When I finally understood what he was insinuating, I realized that I could not even be shocked nor would it have been appropriate for me to be angry. I predicted it anyway.
All I could do was prove to Sebastien that I had nothing to do with Eric.
Though his eyes were in their green state, I sensed the change in his demeanor which caused that similar odd mix of fear and arousal I felt when I saw him so unhinged last night.
Sebastien stood straight and cupped my cheek with both hands and lifted my face so that our eyes were glued to one another’s, “Before I am your mate, I am a King”

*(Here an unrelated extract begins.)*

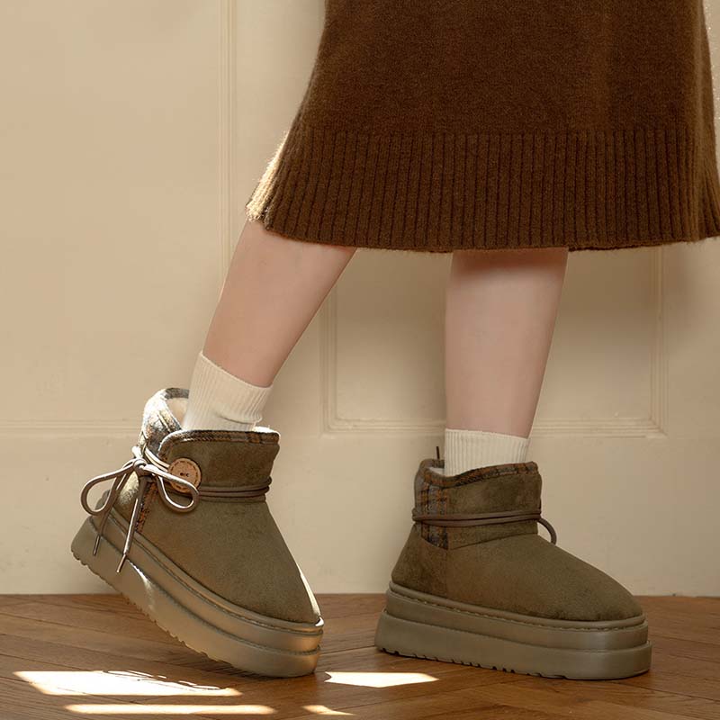 Suede Winer Warm Snow Boots Plush Inner With Buttons And Shoelaces Decor

My heart pounded, “And if I have to kill my mate for the sake of my kingdom’s safety, I will”
Tears brimmed my eyes as I nodded in understanding and he removed himself.
“So, for now I think it is best that you stay in my mother’s old chambers until we have figured it out”, He spoke, as if un-phased. It was not Sebastien speaking, it was the King, someone I had not seen since I was kidn*pped for my return.
“Another prison cell? Lovely”, I spoke sarcastically as I wiped away a stray tear, “I hope it’s prettier than this one”
“Before you awoke, I ordered the maids to prepare it for you. One of them are just outside my door...” He trailed ignoring my previous outburst and making his way toward the shower, “She will lead you there”
He then turned on the faucet and tested the temperature of the water, “See you tomorrow night”
So many things were occurring in the moment and it made it difficult for my brain to process.
“What’s tomorrow night?”, I inquired.
“A royal gala”, He spoke before getting in the shower. After the attack? I don’t know why I was surprised. It would be very like the royals to party when their palace was literally on fire the night before.
As the shower ran, I did not bother to ask any more questions. Regardless of my displeasure for the idea, I was probably going to be forced to go anyway. As I awkwardly walked out of the chambers, my mind trailed to Sebastien’s threat. It did not matter how far along I thought we were in our relationship, I had always managed to get myself on his bad side with worsening consequences.
Before I exited his bedroom altogether, I exhausted my screams of agitation into the nearest pillow.
For my sake, I hoped that I would not have to get to the point of near death for me to learn that I needed to stop testing him.